**What you should do:** Give an exact reproduction of the lines from the one with "Wig Women's Long" to the final line of the entries below, both ends included, and omit the pictures.

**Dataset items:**
╭──

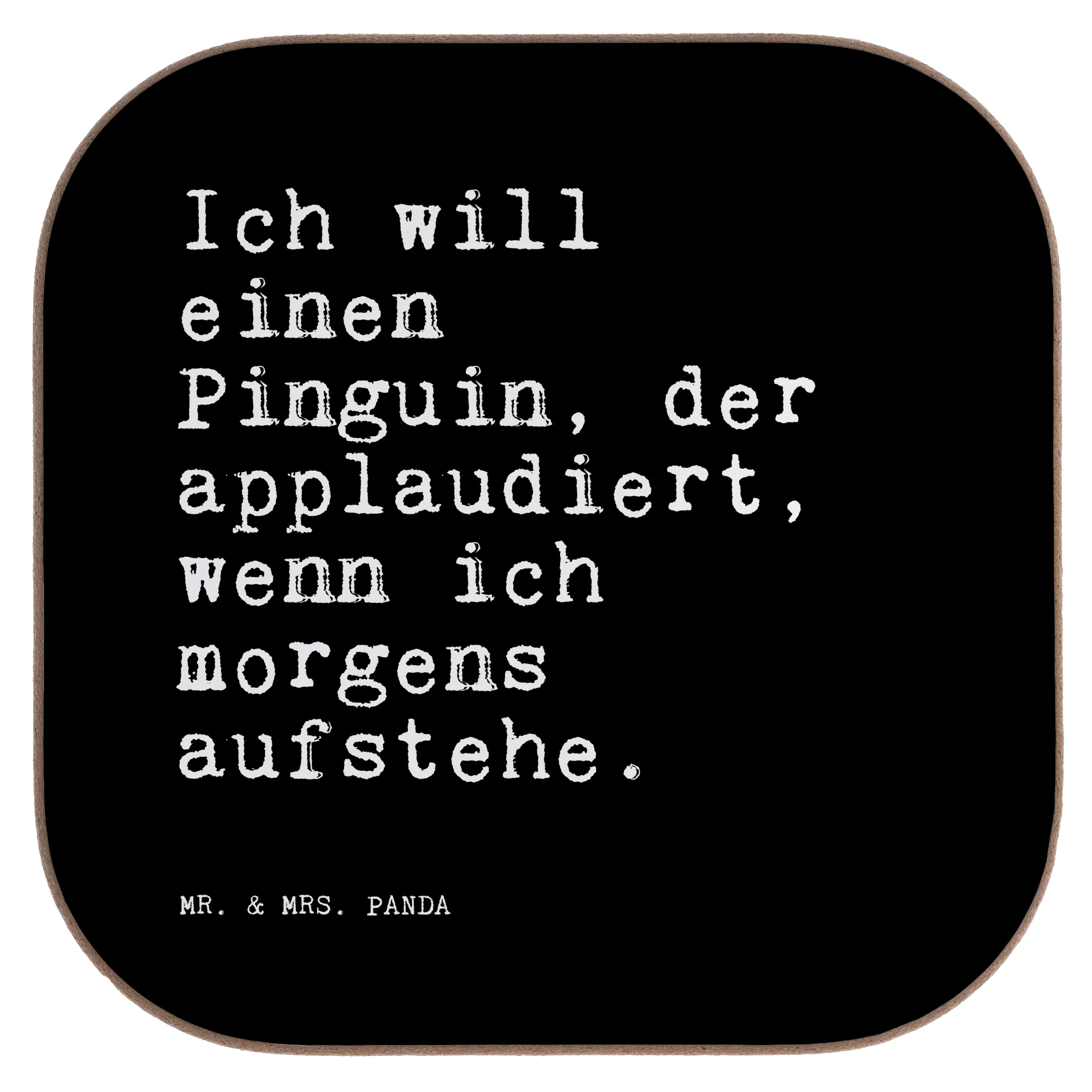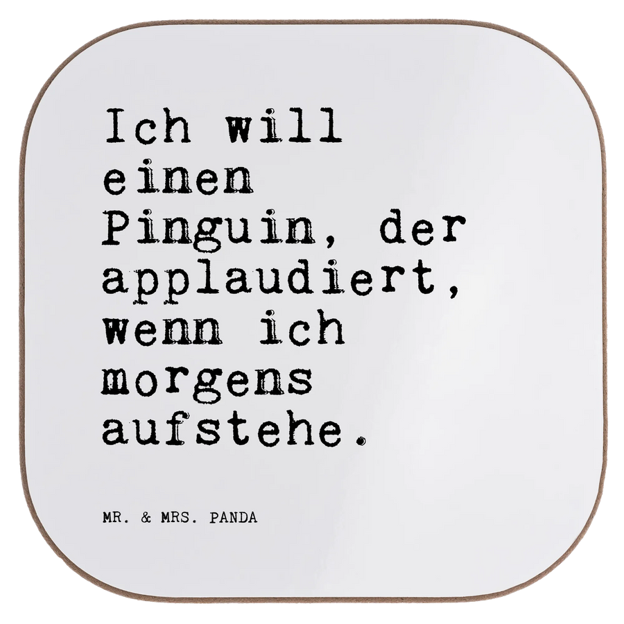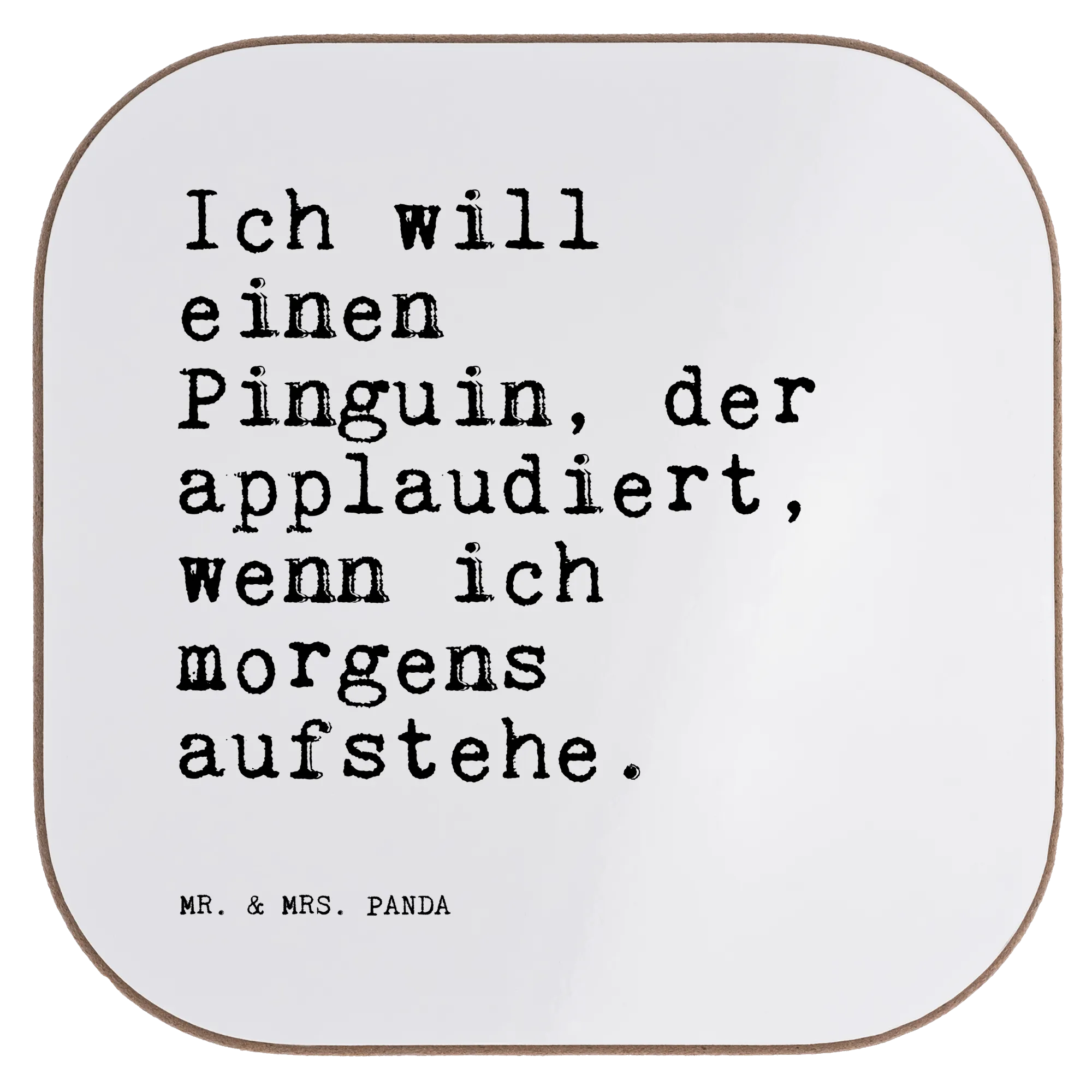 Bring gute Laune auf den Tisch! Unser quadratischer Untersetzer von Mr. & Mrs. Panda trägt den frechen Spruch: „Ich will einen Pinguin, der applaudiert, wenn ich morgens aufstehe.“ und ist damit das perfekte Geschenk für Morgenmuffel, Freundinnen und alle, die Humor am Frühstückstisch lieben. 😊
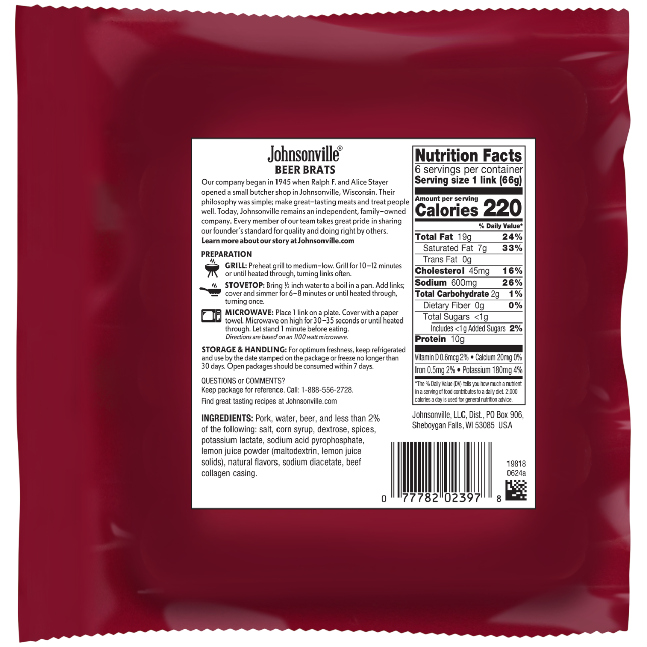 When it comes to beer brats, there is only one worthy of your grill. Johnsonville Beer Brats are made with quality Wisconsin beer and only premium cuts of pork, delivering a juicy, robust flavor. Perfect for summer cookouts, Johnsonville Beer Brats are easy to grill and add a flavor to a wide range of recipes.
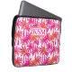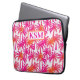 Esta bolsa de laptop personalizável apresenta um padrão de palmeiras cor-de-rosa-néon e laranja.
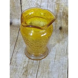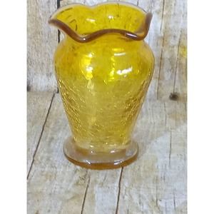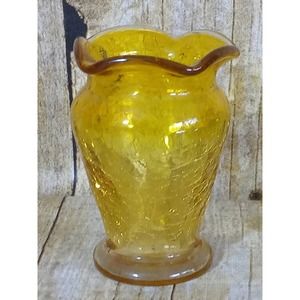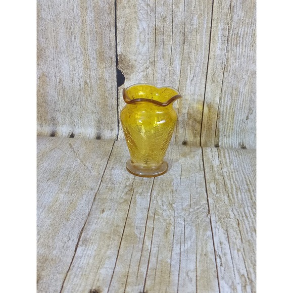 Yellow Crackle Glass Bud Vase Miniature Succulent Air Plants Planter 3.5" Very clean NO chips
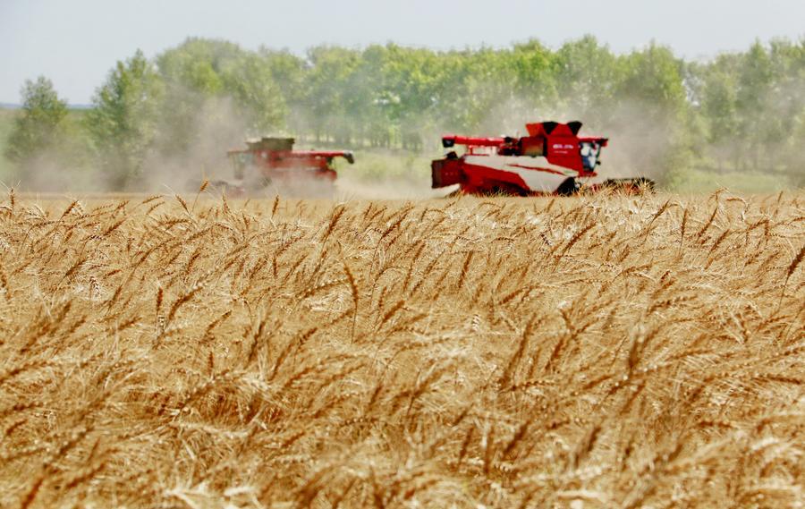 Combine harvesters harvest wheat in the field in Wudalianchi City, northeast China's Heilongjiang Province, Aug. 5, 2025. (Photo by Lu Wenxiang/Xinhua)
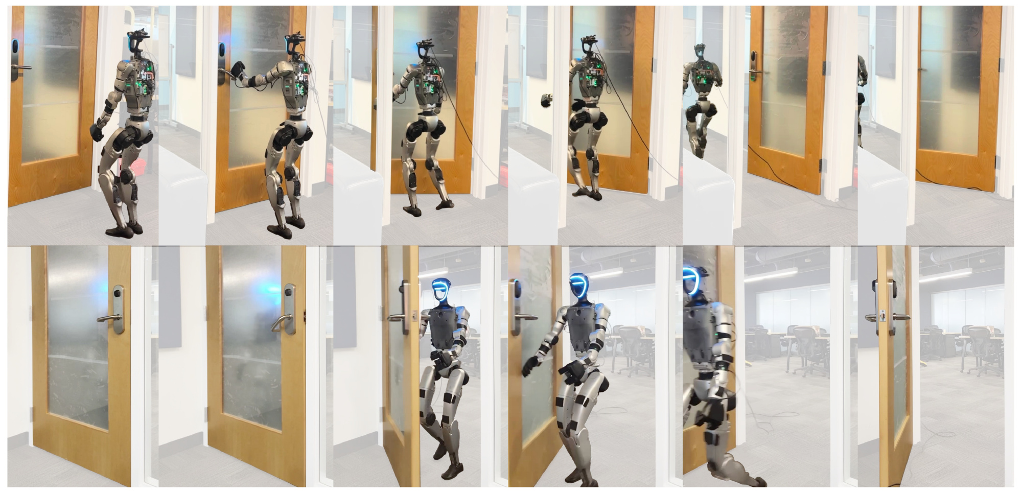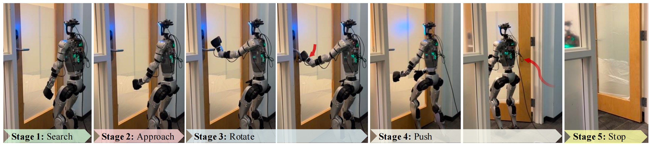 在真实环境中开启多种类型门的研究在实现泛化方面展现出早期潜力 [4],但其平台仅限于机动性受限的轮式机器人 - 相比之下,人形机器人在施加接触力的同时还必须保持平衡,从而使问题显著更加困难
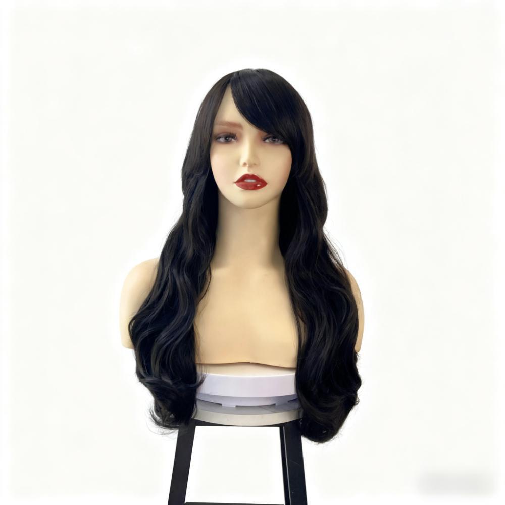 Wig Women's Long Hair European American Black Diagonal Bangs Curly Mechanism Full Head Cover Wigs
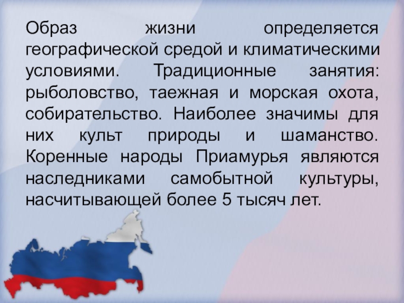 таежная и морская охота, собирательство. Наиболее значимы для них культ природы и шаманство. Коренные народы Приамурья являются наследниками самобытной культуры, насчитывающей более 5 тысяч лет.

╰──

**Exercise result:**
 Wig Women's Long Hair European American Black Diagonal Bangs Curly Mechanism Full Head Cover Wigs
 таежная и морская охота, собирательство. Наиболее значимы для них культ природы и шаманство. Коренные народы Приамурья являются наследниками самобытной культуры, насчитывающей более 5 тысяч лет.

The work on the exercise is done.